• **Supplied information**:
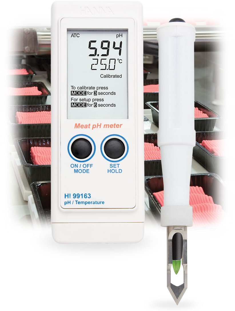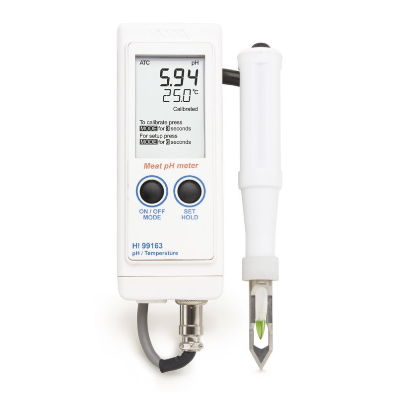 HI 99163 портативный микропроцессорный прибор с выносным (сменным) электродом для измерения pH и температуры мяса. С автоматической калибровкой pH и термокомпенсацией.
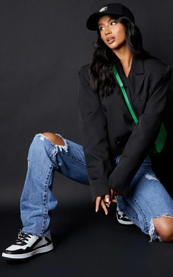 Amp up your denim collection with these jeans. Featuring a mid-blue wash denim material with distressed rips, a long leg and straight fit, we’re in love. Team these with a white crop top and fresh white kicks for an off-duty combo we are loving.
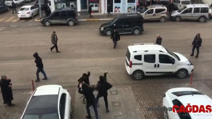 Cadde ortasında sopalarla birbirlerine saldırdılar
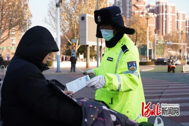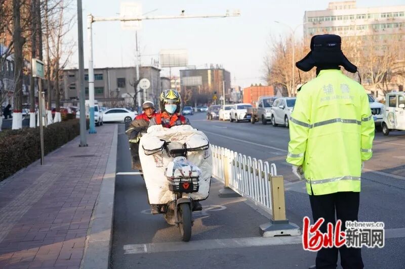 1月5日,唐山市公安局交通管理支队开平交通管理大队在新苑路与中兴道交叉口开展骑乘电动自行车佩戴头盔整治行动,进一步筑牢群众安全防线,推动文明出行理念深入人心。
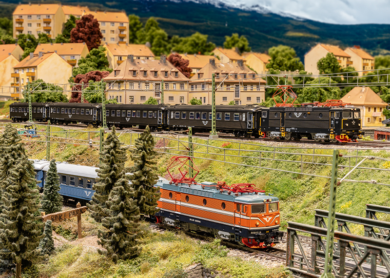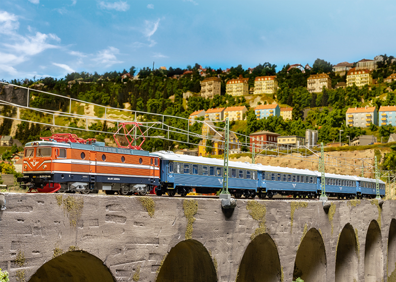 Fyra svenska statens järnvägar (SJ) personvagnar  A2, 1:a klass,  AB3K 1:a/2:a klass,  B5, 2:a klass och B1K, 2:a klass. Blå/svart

• **About this task**: Going from the line that holds "Cadde ortasında sopalarla" to the end of the listing above, copy each line exactly and nothing more, leaving pictures aside.

• **Reply to the exercise**:
 Cadde ortasında sopalarla birbirlerine saldırdılar
 1月5日,唐山市公安局交通管理支队开平交通管理大队在新苑路与中兴道交叉口开展骑乘电动自行车佩戴头盔整治行动,进一步筑牢群众安全防线,推动文明出行理念深入人心。
 Fyra svenska statens järnvägar (SJ) personvagnar  A2, 1:a klass,  AB3K 1:a/2:a klass,  B5, 2:a klass och B1K, 2:a klass. Blå/svart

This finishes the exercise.